Your objective: Take the lines from the beginning of the material through the line containing "それと、ソニアクエスト5は、後5回くらいでクリアです。" and retype them exactly, leaving the pictures out.

Data section:
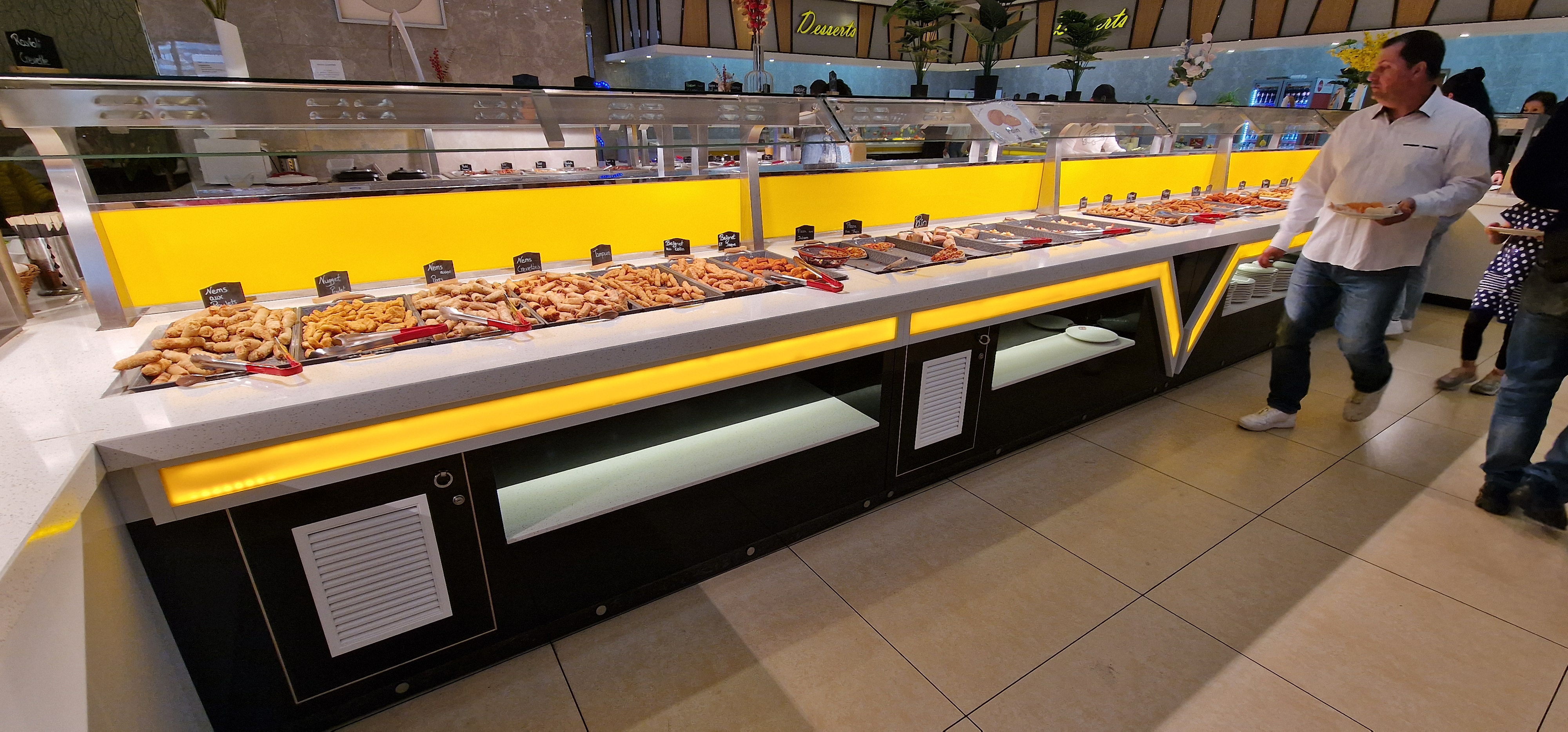 Résultat Très Fragile . La restauration est très mauvais , les buffets pour les sushis restent ouvertes sous aucune réaction de personne pouvant juste fermé ce buffet résultat les sushis sont pas frais mon père a goûter les bâtonnets de poulet caramélisés il a recraché de suite. La seul chose intéressante était le dessert. Franchement améliorer vous sur la restauration et essaye de faire des choses fait maison .
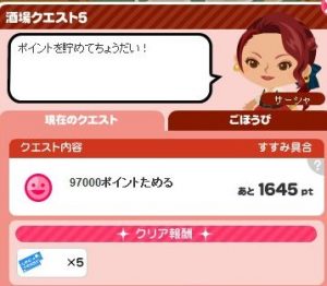 それと、ソニアクエスト5は、後5回くらいでクリアです。
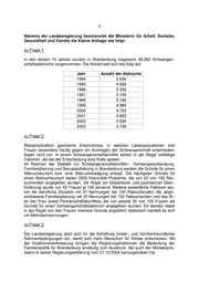 Landtag Brandenburg Drucksache 4/434 4. Wahlperiode Antwort der Landesregierung auf die Kleine Anfrage Nr. 112 der Abgeordneten Roswitha Schier Fraktion der CDU Landtagsdrucksache 4/256 Demografische Entwicklung und Schwangerschaftsabbrüche Wortlaut der Kleinen Anfrage Nr. 112 vom 09.12.2004: Die demografische Entwicklung in der Bundesrepublik Deutschland und die damit verbundenen Probleme stellen uns vor große Herausforderungen. Darüber wird zurzeit heftig diskutiert. Deutschland hat die weltweit höchste Zahl an Kinderlosen. Es gelingt immer weniger, junge Menschen für ein Leben mit Kindern zu begeistern. Bei ungewollter Schwangerschaft wird oft gegen das Kind und für die Abtreibung entschieden, weil wir es nicht schaffen, Perspektiven aufzuzeigen, der werdenden Mutter Mut zu machen und ihr die notwendige Unterstützung zu gewähren. Ich frage die Landesregierung: 1. Wie viele Schwangerschaftsabbrüche wurden in Brandenburg in den letzten 10 Jahren jährlich vorgenommen? 2. Gibt es Erkenntnisse, in welchen Lebenssituationen sich Frauen besonders häufig gegen das Kind entschieden haben? 3. Was unternimmt die Landesregierung, um die Bedingungen zu verbessern, damit sich zunehmend mehr junge Menschen für Kinder entscheiden? Datum des Eingangs: 12.01.2005 / Ausgegeben: 17.01.2005
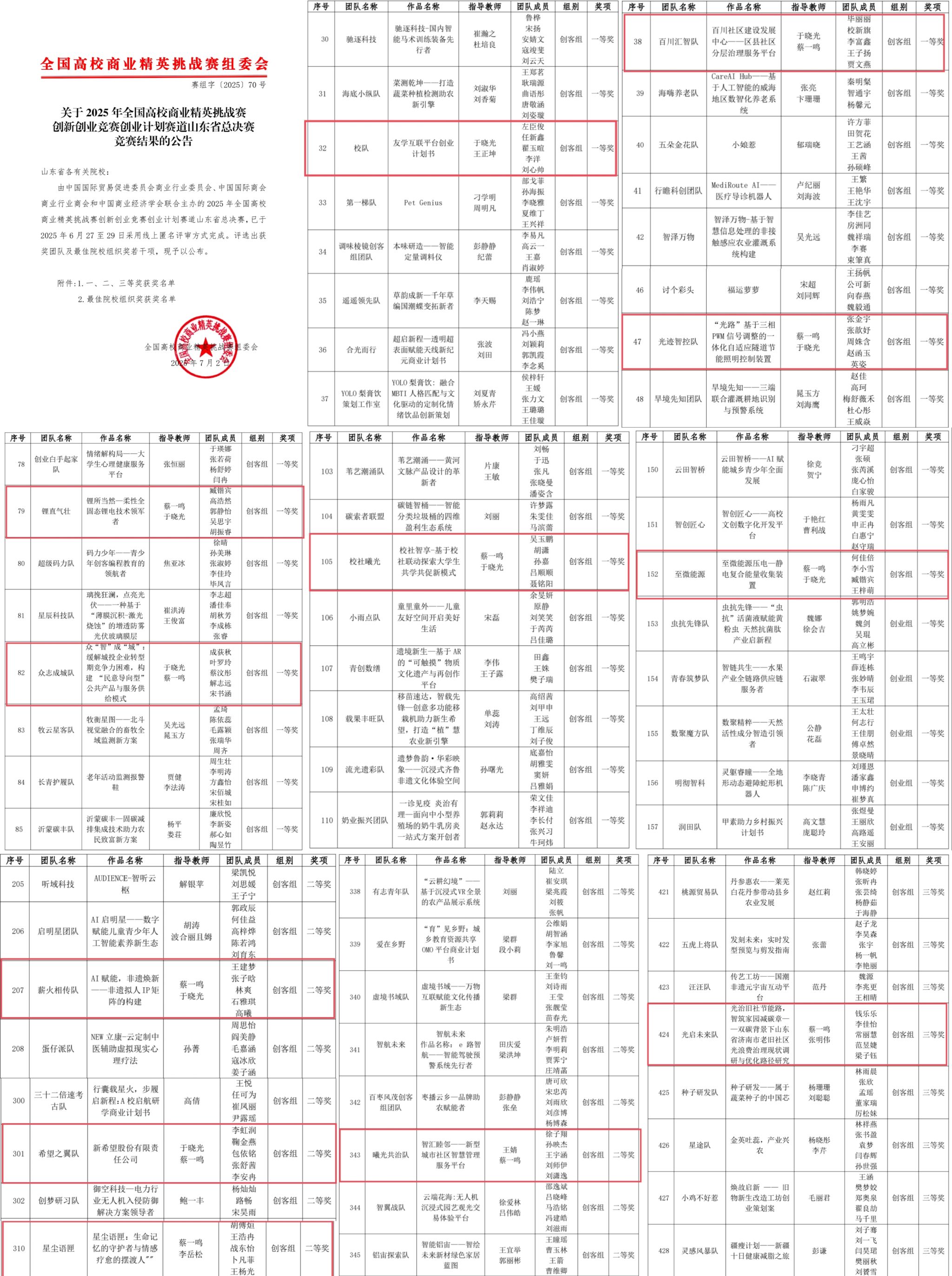 11月16日,教育部A类赛事全国高校商业精英挑战赛创新创业竞赛创业计划赛道及创业模拟赛道全国总决赛在济南圆满落幕。我校政治与公共管理学院的多个项目从众多参赛队伍中脱颖而出,两个团队获得国赛一等奖,充分展现了我校学子在创新创业与技术实践领域的卓越风采。

Answer:
 Résultat Très Fragile . La restauration est très mauvais , les buffets pour les sushis restent ouvertes sous aucune réaction de personne pouvant juste fermé ce buffet résultat les sushis sont pas frais mon père a goûter les bâtonnets de poulet caramélisés il a recraché de suite. La seul chose intéressante était le dessert. Franchement améliorer vous sur la restauration et essaye de faire des choses fait maison .
 それと、ソニアクエスト5は、後5回くらいでクリアです。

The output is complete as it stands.